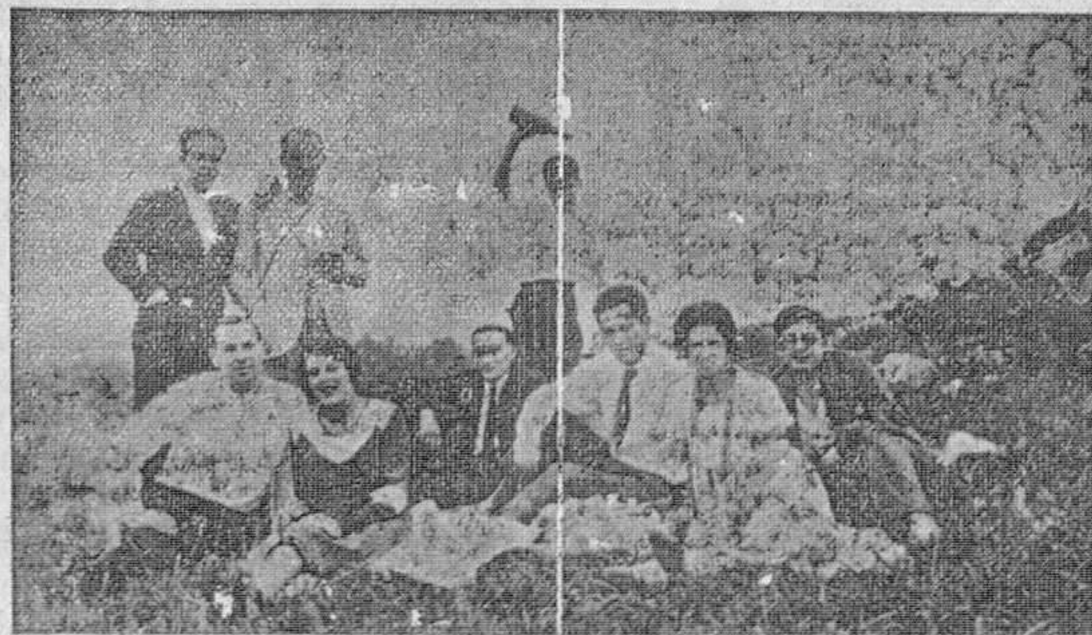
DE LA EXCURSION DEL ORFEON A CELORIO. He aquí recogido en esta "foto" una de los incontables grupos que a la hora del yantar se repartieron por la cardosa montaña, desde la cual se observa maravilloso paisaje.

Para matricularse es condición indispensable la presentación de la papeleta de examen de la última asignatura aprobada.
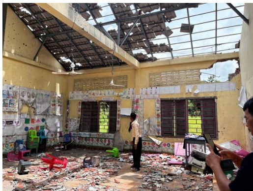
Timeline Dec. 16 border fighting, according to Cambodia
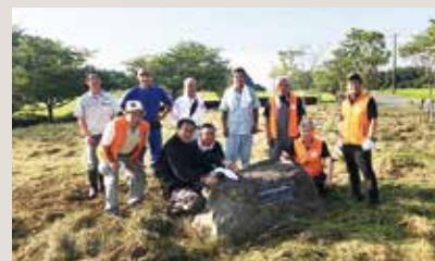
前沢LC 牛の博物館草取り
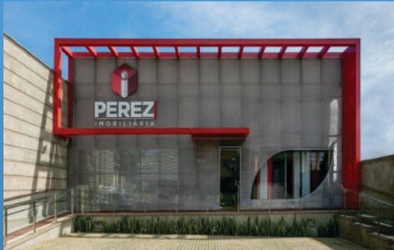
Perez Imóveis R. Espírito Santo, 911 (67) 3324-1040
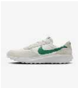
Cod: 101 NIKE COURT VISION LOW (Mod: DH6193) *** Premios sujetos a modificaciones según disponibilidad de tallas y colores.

___

» Task prompt
Beginning with the first line of the material above, please output each line exactly through the line that contains "Para matricularse es", and only those, leaving out pictures.

» Expected answer
DE LA EXCURSION DEL ORFEON A CELORIO. He aquí recogido en esta "foto" una de los incontables grupos que a la hora del yantar se repartieron por la cardosa montaña, desde la cual se observa maravilloso paisaje.

Para matricularse es condición indispensable la presentación de la papeleta de examen de la última asignatura aprobada.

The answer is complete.